─── INFORMATION GIVEN

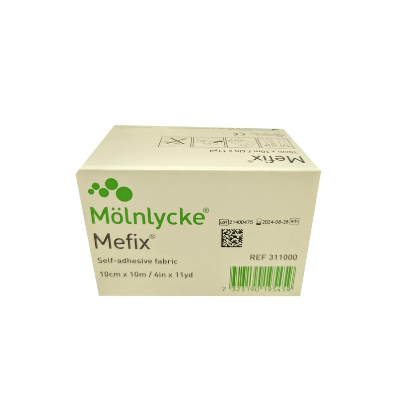 Mefix Self-Adhesive Fabric Tape. Width: 4" (10cm), Quantity: 1 Roll Porous, nonwoven fabric ensures air and water vapor permeability. Stretchable fabric conforms well to body contours and allows unrestricted movement. Non-absorbent to prevent blood and fluid strike-through. Provides secure fixation, while remaining gentle on the skin. Release paper is premeasured in 4' (10cm) intervals and has a perforated split backing for easy removal and application. Can easily be cut to the desired shape. Recommended for fixation of dressings, catheters and cannulas, especially on the neck, elbow and knee. In 11 yd. (10m) rolls. Latex free. Product photo may not exactly match the product offered for sale. Please refer to the product description.
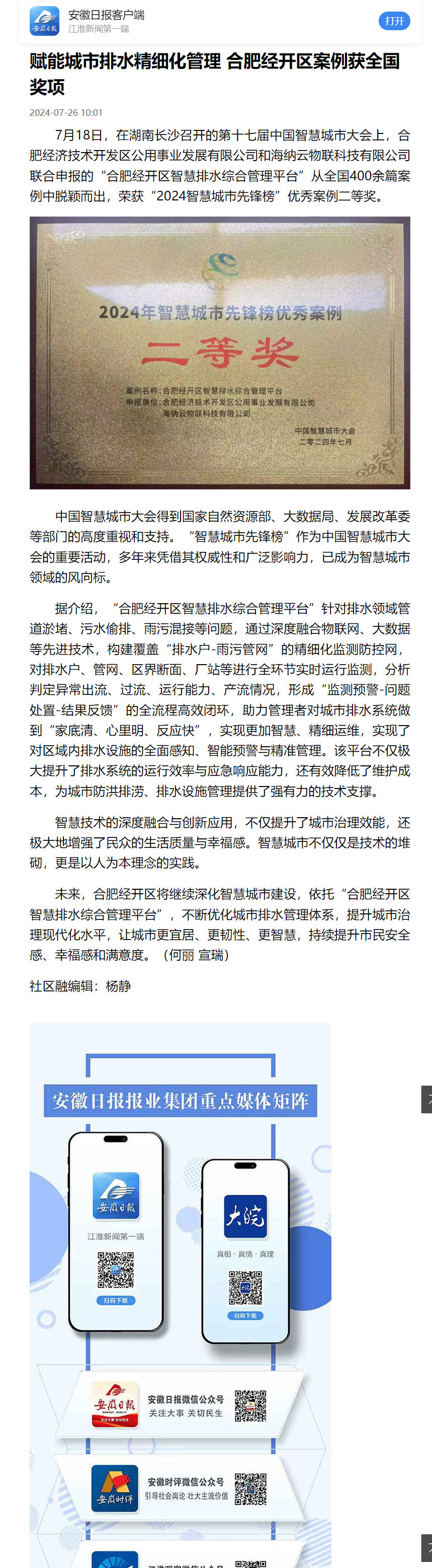 安徽日报:赋能城市排水精细化管理 合肥经开区案例获全国奖项
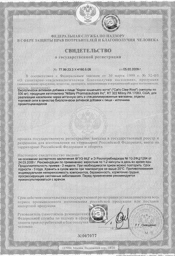 Прием капсул Кошачий коготь (Cats Claw) не оказывает негативного влияния на организм.
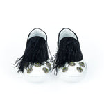 Step into a world where Italian craftsmanship meets chic elegance with these stunning slip-ons from Mr&Mrs Italy. Adorned with a dazzling jewel appliqué on the tip, these shoes make a bold statement while the playful feather insert on the contrasting tongue adds an unexpected twist of whimsy. Crafted from the finest bovine leather, these round-toe beauties are grounded with a durable rubber sole, ensuring both comfort and style. Perfect for those who dare to stand out.
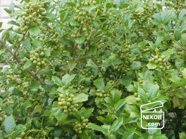 こちらは数週間前の写真で、今はもう少し実が増えた(膨らんだ)印象です。冬に赤い実が鈴なりになるのが待ち遠しいです。
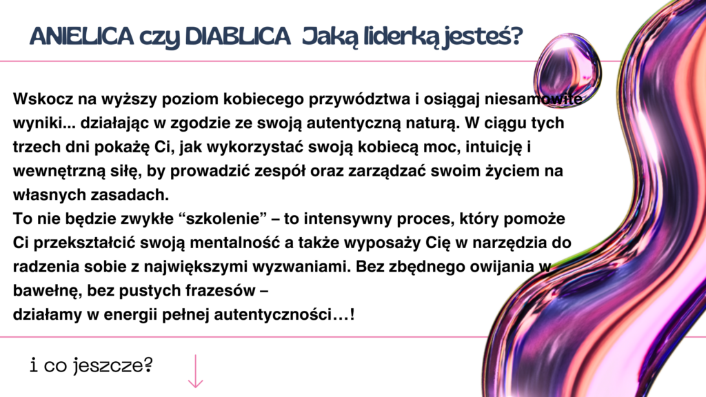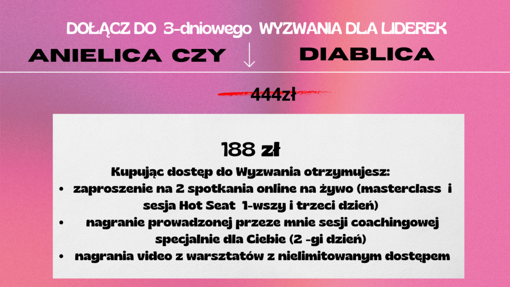 Twoje miejsce na wyzwaniu Anielica czy Diablica już czeka – dołącz do 3-dniowego wydarzenia, po którym to, w jaki sposób zarządzasz sobą i ludźmi już NIGDY nie będzie taki sam!
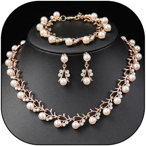 Rrdaily Rhinestone Pearl Wedding Jewelry Set for Bride Bridesmaid Bohemia Adjustable Beaded Crystal Bracelet Necklace Exaggerated Pearl Earring Set for Women

──────

## ACTIVITY
The required output is every line from the one containing "Прием капсул Кошачий" through the last line of the data above, restated exactly and without pictures.

## EXERCISE SOLUTION
 Прием капсул Кошачий коготь (Cats Claw) не оказывает негативного влияния на организм.
 Step into a world where Italian craftsmanship meets chic elegance with these stunning slip-ons from Mr&Mrs Italy. Adorned with a dazzling jewel appliqué on the tip, these shoes make a bold statement while the playful feather insert on the contrasting tongue adds an unexpected twist of whimsy. Crafted from the finest bovine leather, these round-toe beauties are grounded with a durable rubber sole, ensuring both comfort and style. Perfect for those who dare to stand out.
 こちらは数週間前の写真で、今はもう少し実が増えた(膨らんだ)印象です。冬に赤い実が鈴なりになるのが待ち遠しいです。
 Twoje miejsce na wyzwaniu Anielica czy Diablica już czeka – dołącz do 3-dniowego wydarzenia, po którym to, w jaki sposób zarządzasz sobą i ludźmi już NIGDY nie będzie taki sam!
 Rrdaily Rhinestone Pearl Wedding Jewelry Set for Bride Bridesmaid Bohemia Adjustable Beaded Crystal Bracelet Necklace Exaggerated Pearl Earring Set for Women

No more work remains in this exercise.